Tak terkira juga banyaknya para aktor yang memulai debut politiknya secara instan. Tanpa pernah melalui proses "pengkaderan" tiba-tiba sudah menduduki jabatan strategis pada partai dan berpeluang emas untuk melenggang pada Pemilu. Entah sebagai kepala negara, daerah (pasangan gubernur maupun bupati) atau juga anggota legislatif. Pada mereka, masyarakat terkadang enggan memberi label politisi, cenderung dipanggil sesuai nama atau jabatannya semata. Dalam kondisi ini, agen politik telah berubah menjadi kendaraan yang dapat mendukung dan memuluskan perjalanan politik mereka. Berbekal dorongan hasrat yang menggebu, biasanya para aktor dadakan ini akan nekat "membeli kendaraan" tersebut dengan harga yang ditentukan agen politik dan biasanya akan sangat mahal. Tentu, perbuatan agresi politik ini akan berdampak pada tergusurnya kader partai yang lain, yang mungkin sudah lama berkecimpung di partai tersebut.
Sangat banyak kasus yang dapat kita jadikan rujukan terhadap hal ini. Bahkan dapat dikatakan bahwa saat ini adalah moment yang pas untuk menyaksikan berbagai bentuk dan manifestasi perbuatan yang mengarah ke agresi politik ini. Akan banyak kontestan politik lama yang bertarung kembali atau newcomer karena sudah berhasil membeli "kendaraan politik."

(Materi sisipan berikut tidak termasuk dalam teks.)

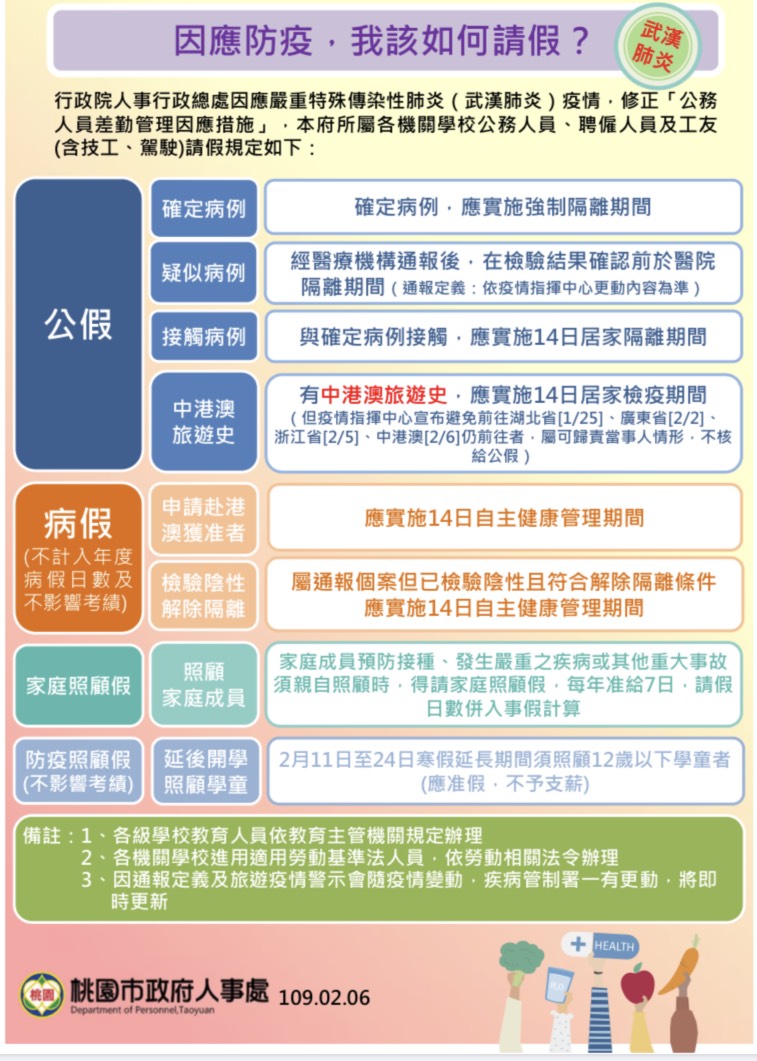 主旨:配合嚴重特殊傳染性肺炎中央流行疫情指揮中心(以下簡稱疫情指揮中心)公布全國高中職(含)以下學校延後開學 2 週,有關各級機關(構)同仁於延後開學期間,有照顧子女需求之請假因應措施一案,請查照轉知並配合辦理。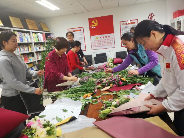 会议室鲜花团簇,由李玲老师为大家讲解花的品种、色彩搭配和造型设计等知识,并展示了从选花、插花到包装的步骤,在李玲老师的指引和帮助下,大家积极创作,沉浸在自己的作品之中,互相合影留念,都不愿错过这有意义的美好瞬间。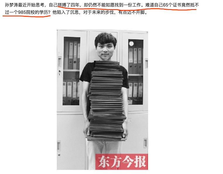 如果你看过他列出来的65封荣誉证书,再对比一下刚才说到的相关性,答案就不言自明了。其中大量的证书都是和专业不相关的荣誉证书,还有一些像是创业大赛、摄影大赛的获奖经历。这些证书和985的文凭孰轻孰重,我想应该也不用我多说了。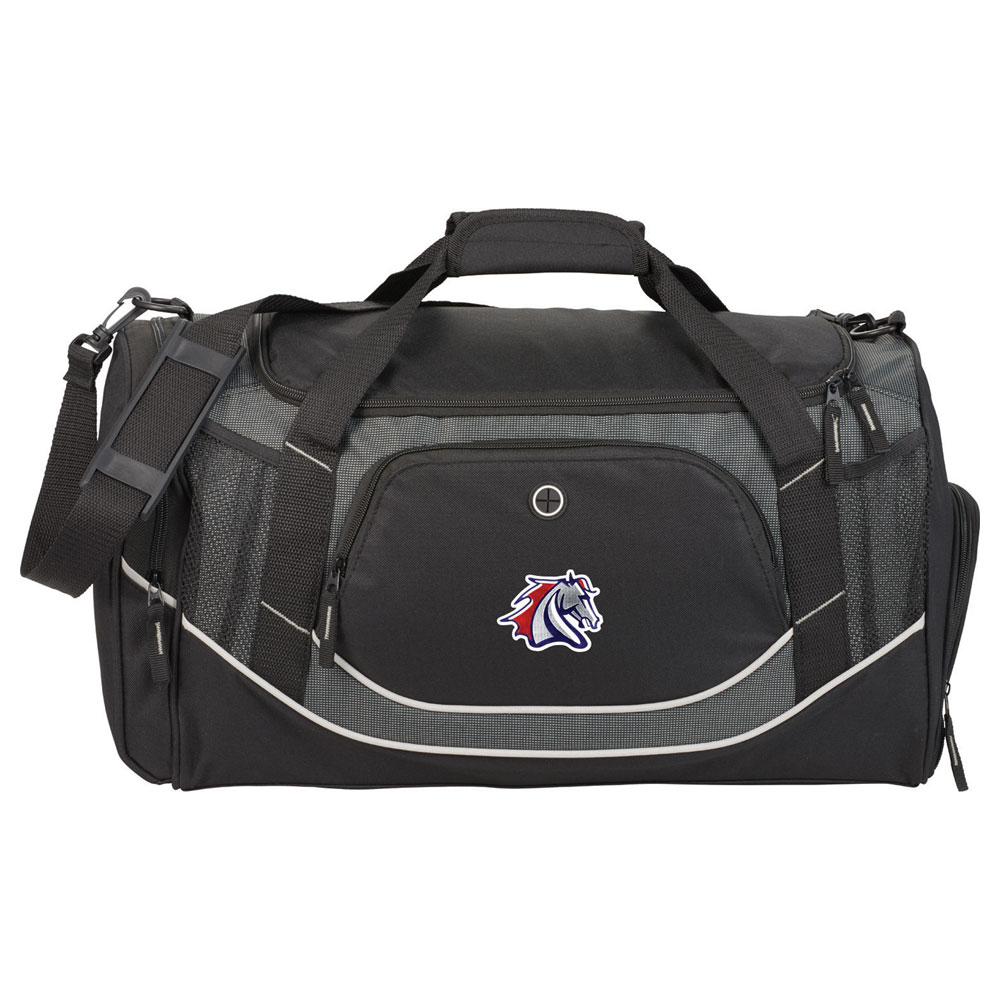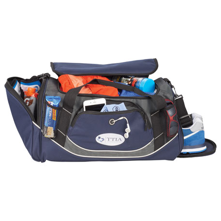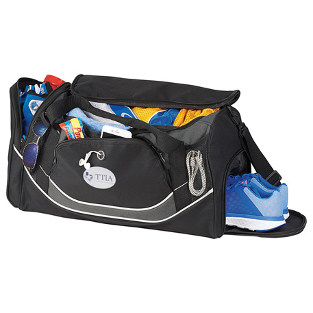 Zippered U-shaped main compartment. Two zippered side pockets (one with shoe pouch). Front zippered pocket with mesh accessory pockets inside and an earbud port. Two front mesh pockets for accessories. Haul handle with comfort wrap. Detachable, adjustable shoulder strap.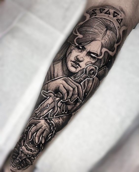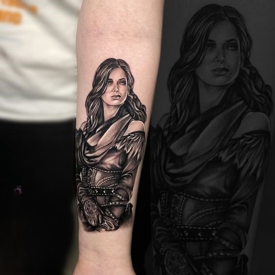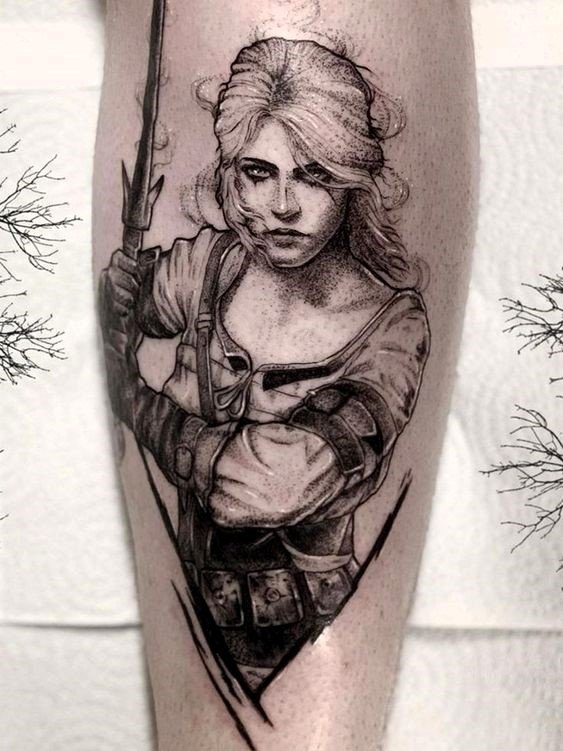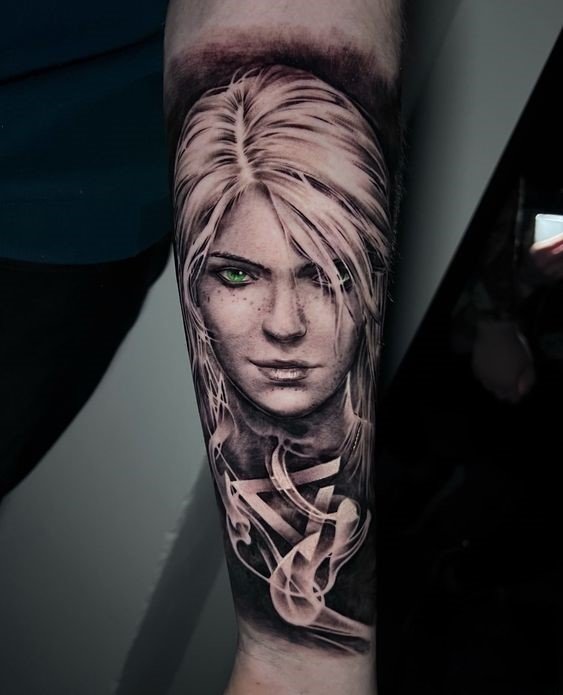 - Цирі, прийомна дочка Ґеральта, символізує надію, зміни та доленосні вибори. Татуювання з її образом може стати символом нового етапу в житті, вибору шляху або подолання труднощів.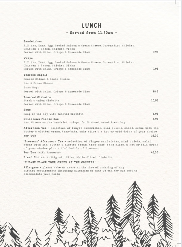 Courtyard Cafe Dalby Forest Menu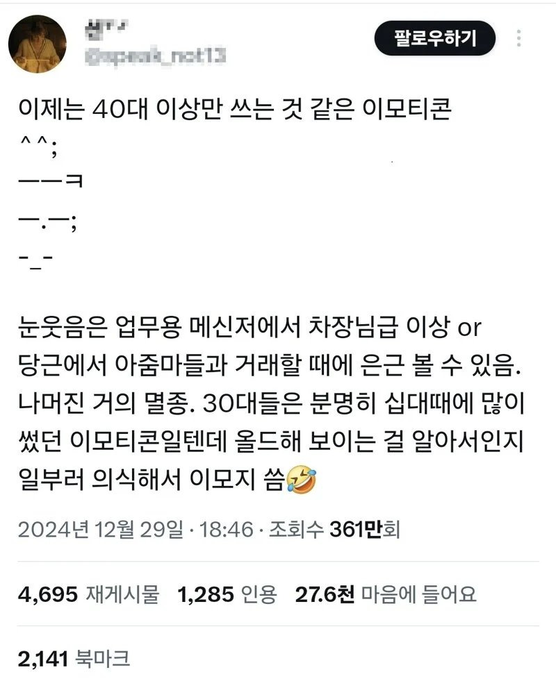 이제는 40대 이상만 쓰는 것 같은 이모티콘 0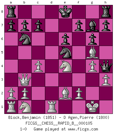 Last move : 1-0 2008 November 20 17:14:1 [Event "FICGS__CHESS__RAPID_B__000105"] [Site "FICGS"] [Date "2008.10.09"] [Round "1"] [White "Block,Benjamin"] [Black "D Agen,Pierre"] [Result "1-0"] [WhiteElo "1851"] [BlackElo "1800"] 1.e4 Nf6 2.e5 Nd5 3.d4 d6 4.Nf3 Bg4 5.Be2 Nd7 6.O-O g6 7.h3 Bf5 8.g4 Be4 9.Ng5 dxe5 10.Nxe4 Bg7 11.dxe5 Nxe5 12.c4 Nb6 13.Qb3 e6 14.Rd1 Qh4 15.Bg5 1-0 Alekhine's defense : Modern variation, 4...Bg4 Kingside Castling by player White (move 6) Player White won this chess game. Follow this game move after move (download)If cunning alone were needed to excel, women would be the best Chess players. (Albin) Zeige mir drei Eröffnungsvarianten und ich beweise dir, dass zwei davon inkorrekt sind. (Emanuel Lasker) Puntos débiles o agujeros en la posición de tu oponente deben de ser ocupados por piezas, no Peones. (Siegbert Tarrasch) La vie et les Echecs sont tous les deux une lutte constante. (Lasker) Internet: Absolute communication, absolute isolation. (Paul Carvel)
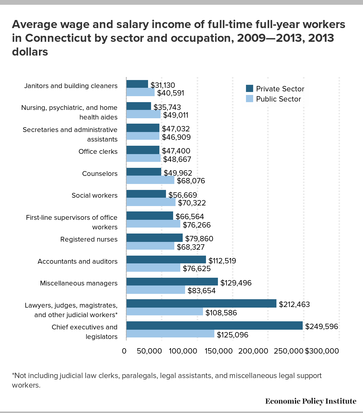 Average wage and salary income of full-time full-year workers in Connecticut by sector and occupation, 2009—2013, 2013 dollars
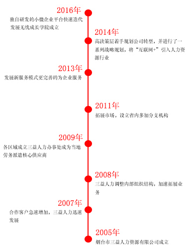 2008年8月,鄄城縣三益人力資源開發(fā)有限公司正式成立,鄄城公司的成立為公司今后的發(fā)展發(fā)揮重要作用。煙臺(tái)三益人力資源有限公司總部于2009年07月06日在煙臺(tái)工商局注冊(cè)成立。在公司發(fā)展壯大的10年里,我們始終為客戶提供好的產(chǎn)品和技術(shù)支持、健全的售后服務(wù)。公司先后在三十里堡、科信大廈、業(yè)達(dá)智慧谷、天宇市場開設(shè)了店鋪。2017年3月,三益威海分公司成立,大大拓寬了我們的國內(nèi)市場。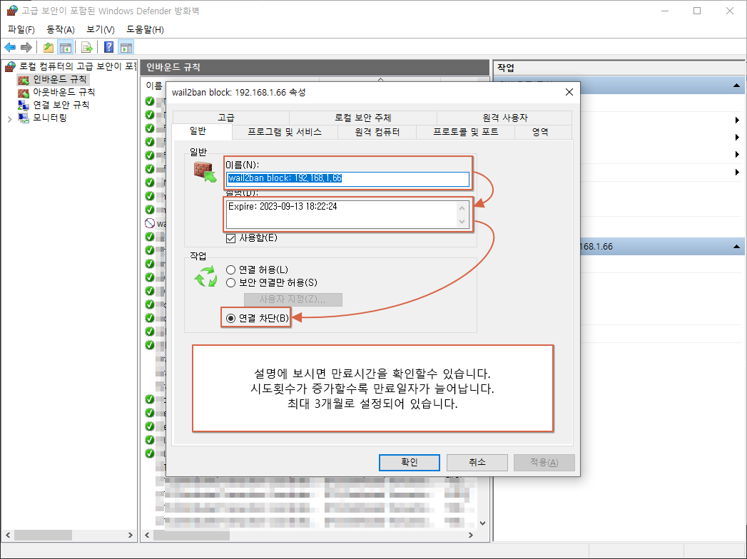 만료시간 IP 차단해제 기능은 새로운 IP차단 이벤트가 발생할때 이루어 집니다.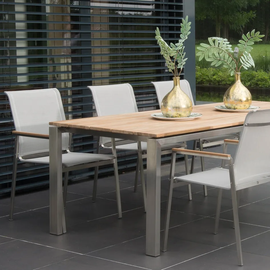 While many stainless steel furniture used to be left bare, we now often opt for powder coating stainless steel. This extends the lifespan, but above all, the shiny stainless steel look is less popular than before. However, we would like to continue to use the advantages of stainless steel, so we choose to give the stainless steel a color - just like with aluminum. This means that stainless steel is often indistinguishable from aluminum, but it gives us many more options in the design of garden furniture.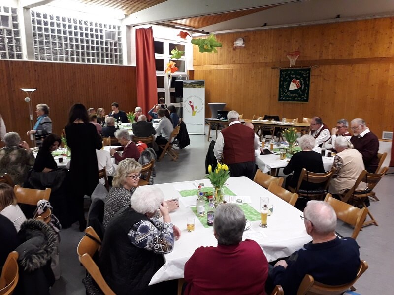 Eine erste Änderung gab es gleich zu Beginn, als die Anwesenden aus einer bunt gemischten Salatbar die Beilage zu ihrem Putenschnitzel selbst wählen konnten. Die Tische waren locker gruppiert in der Halle verteilt, sodass von Anfang an eine rege Unterhaltung stattfinden konnte.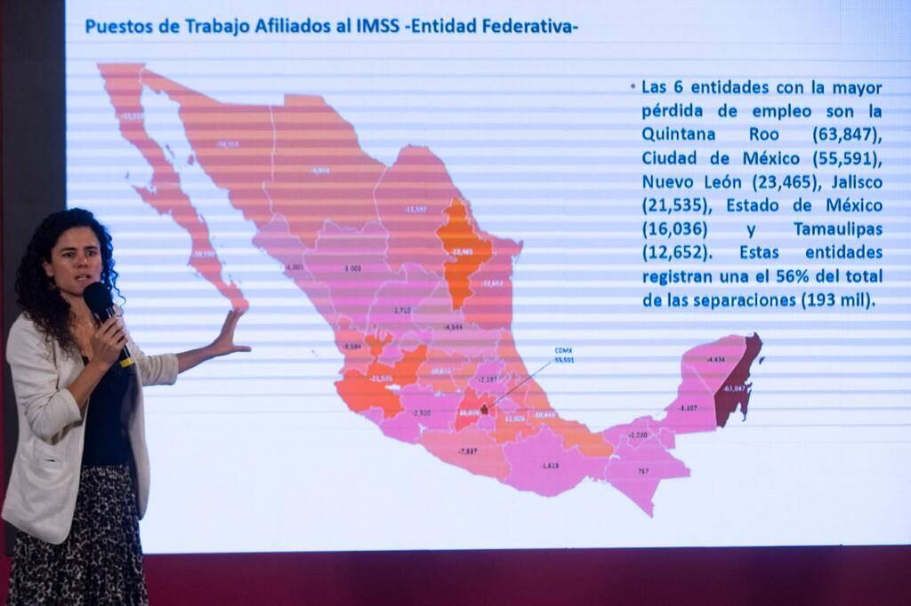En rueda de prensa desde Palacio Nacional, la funcionaria mexicana detalló que del 13 al 31 de marzo fueron 198 mil 033 empleos que se perdieron; mientras que, del 1 de abril al 6 de abril se registró una pérdida de 148 mil 845.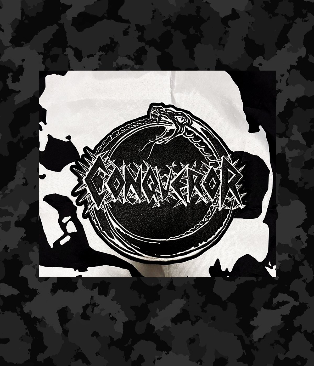 Conqueror / Shaped Logo Ouroboros Back Patch / LARGE 12 INCH BY 11 INCH / Faux Leather Embroidered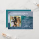 Invitación a la fiesta del aniversario con foto de la pareja. Diseño de ondas oceánicas estrelladas con fuente blanca de estilo inglés antiguo - cambia en el área personalizar. Una audaz línea de texto en la parte superior para años de matrimonio. Toda la información del fiesta se agrega utilizando una plantilla de párrafo. Subir una foto, horizontal o vertical, con el tema en el centro. La plantilla de la foto cuadrada está delineada en blanco. Revertir es color verde-azul sólido.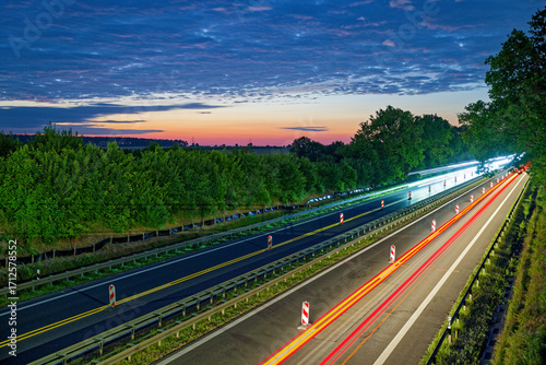Autobahn at dusk with lane closures, yellow markings, headlights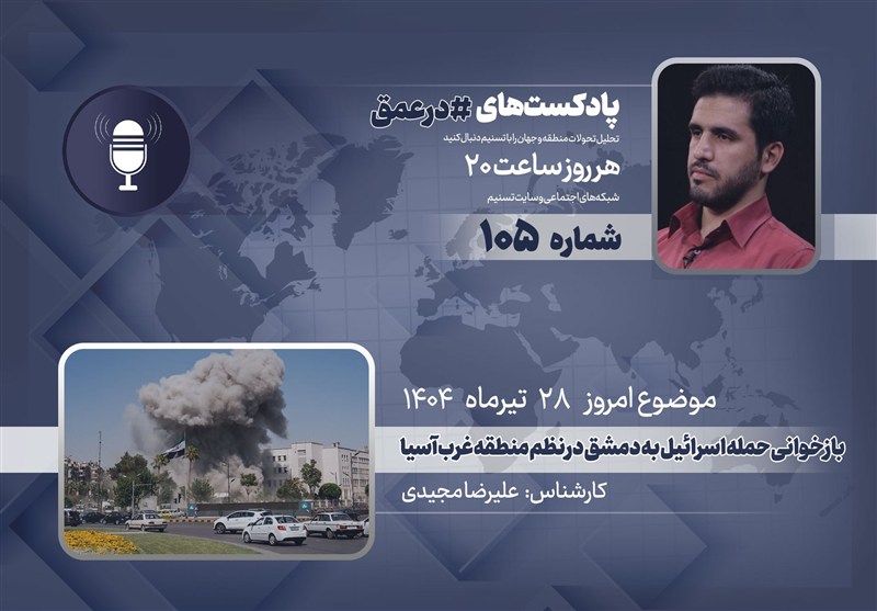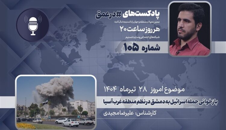 گروه بین‌الملل خبرگزاری صابرین نیوز ـ یکصد و پنجمین شماره از پادکست «در عمق» که به بررسی مهم‌ترین روندها، تحولات و همچنین شخصیت‌ها در غرب آسیا می‌پردازد، روز شنبه  28 تیر ماه 1404 ضبط و منتشر شد. در این شماره «علیرضا مجیدی» به بررسی حملات اسرائیل به سوریه می‌پردازد.
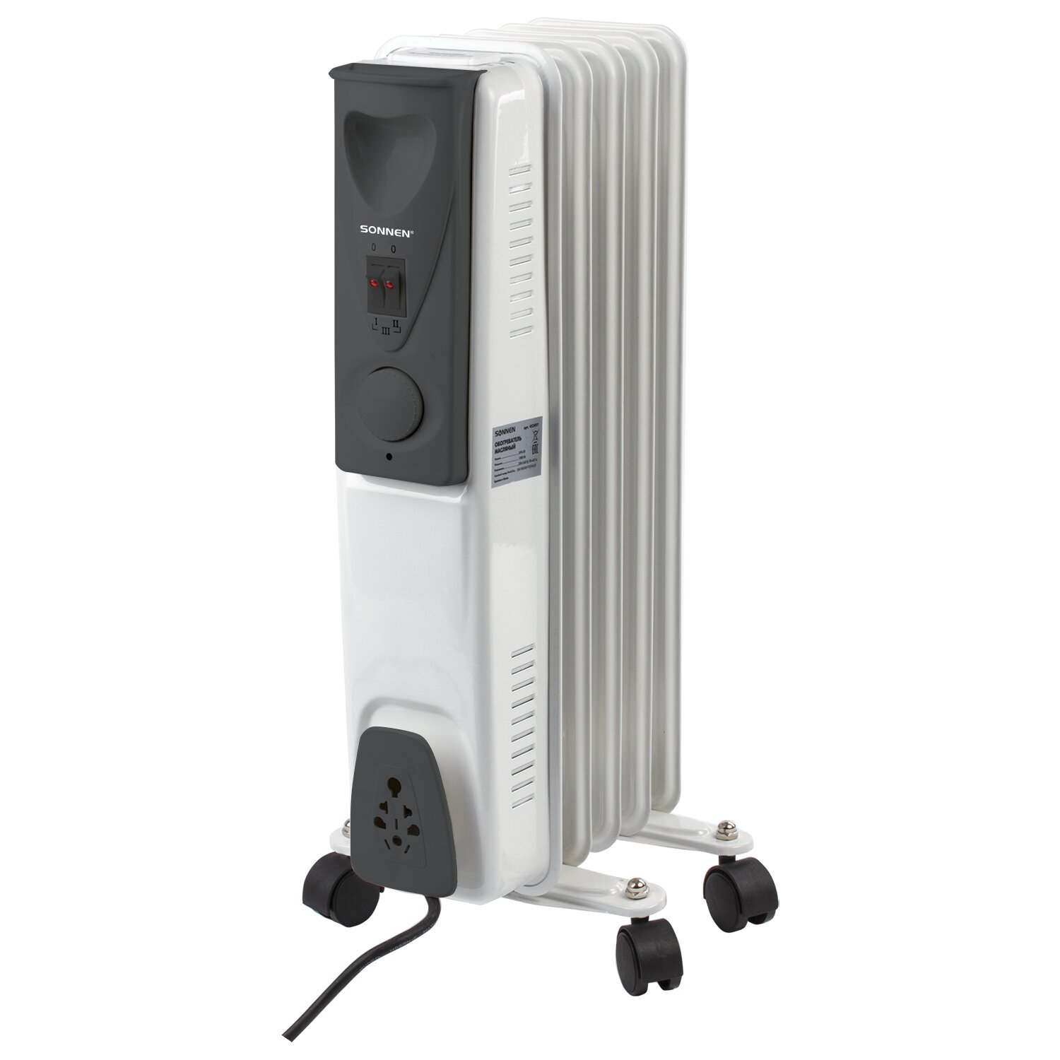 Обогреватель масляный SONNEN DFS-07, 1500 Вт, 7 секций, белый, 453498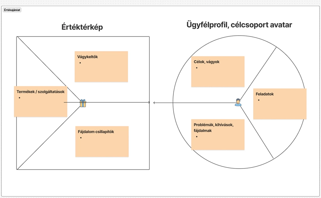 Külön bontja az ügyfélprofilt és az értéktérképet, hogy kristálytisztán lásd: mivel oldod meg a vevő problémáját és mitől lesz vonzó az ajánlatod.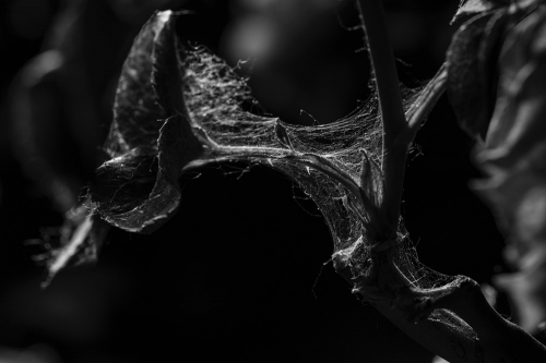 她对于自己未能从事国画艺术耿耿于怀,因此也造就了她对中国元素抱有独特见解。在新系列作品中,吴小妹将镜头只对准花朵,用相机这种机器画笔描绘出国画中花的姿态。作品中的花朵或盛开,或枯萎凋零,或病虫灾害,这些代表着她对生命的新感受与表述。酸楚的心境开启了吴小妹心底Vanitas(虚空) 的艺术时代。生命如花般脆弱,像《愁》(Distress)中的玫瑰一旦被虫吞噬,必然面对枯萎的结局。无归属感促使她思考并创作出这一系列。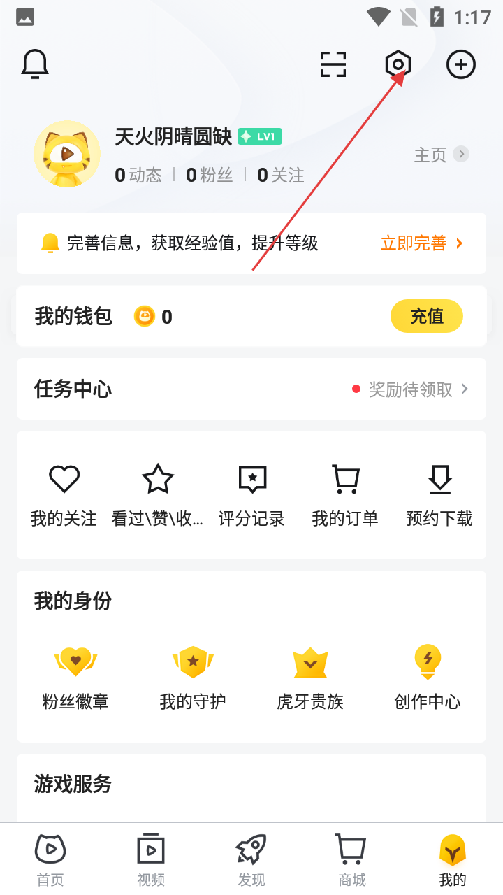2、进入【我的】页面后,点击右上角设置图标,进入设置界面准备进行相关设置。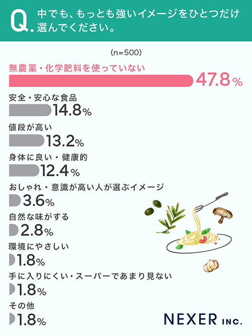 中でも、もっとも強いイメージをひとつだけ選んでもらいました。こちらも、もっとも多い回答は「無農薬・化学肥料を使っていない」の47.8%でした。次に「安全・安心な食品」が14.8%、「値段が高い」が13.2%と続いています。

Menghabiskan modal kapital untuk membeli kendaraan politik tentu bukan yang mudah dan murah untuk dilakukan. Belum lagi nanti jika pada proses Pemilu ternyata tidak berhasil memenangkan keinginanya, maka bersiap-siaplah untuk menjadi bulan bulanan netizen serta menghadapi tumpukan hutang. Siapa pun.pasti paham bahwa cost politik itu sangat tinggi. Setelah menang, bersiaplah untuk kedatangan tamu yang banyak setiap hari dari berbagai pihak terutama timses karena dianggap sudah mendukung dan berusaha secara penuh sehingga dia memenangkan pemilu. Hal lain yang harus diwaspadai oleh newcomer adalah "balas dendam politik" dari politisi senior yang sebelumnya berhasil disingkirkan ketika ia berhasil membeli kendaraan politik tersebut.
Seperti halnya hukum yang berlaku dalam jurakan. Siapa pun boleh mencoba untuk naik, mencapai puncak dan mengambil hadiah asalkan didukung oleh banyak orang. Karena untuk mencapai puncak bukan perkara yang mudah. Harus ikhlas dan legowo juga ketika orang yang tadi diinjak sebagai pendukung malah lebih gesit, berhasil naik dan balas menginjak. Hal ini serupa juga dengan hukum kausalitas, sebab dan akibat. Jika sudah berbuat demikian, maka jangan marah ketika orsng pun berbuat demikian. Karena memang demikianlah gaya hidup yang ditawarkan dan dijanjikan dalam dunia politik.
Curahan hati yang disampaikan oleh Fulan, sang Ketua DPRD di Kabupaten Loura menjadi salah satu bukti konkrit bahwa jurakan politik itu sedang terjadi di tubuh partai berlambang burung tersebut. Masyarakat paham bahwa Dollah, sang aktor politik yang sedang menikmati konsernya sebagai wakil bupati itu naik takhta karena membeli kendaraan melalui Fulan dengan harga yang cukup fantastis. Sekarang, Fulan yang teriak karena merasa bahwa Robin, rekan separtainya tidak menghargai Dollah, sering tidak patuh pada kode etik partai dan melangkahi Dollah dalam membuat keputusan, padahal Dollah sudah menjadi ketua, yang artinya dia (Fulan) dan Robin adalah bawahan Dollah. Ironisnya, si Robin cuek bebek dan mungkin juga Fulan lupa, bahwa ia menaikkan Dollah ke posisi itu dengan menginjak pundak dan kepala Robin dulunya. Nah, ketika Robin sekarang melakukan hal yang sama, kenapa mereka harus protes?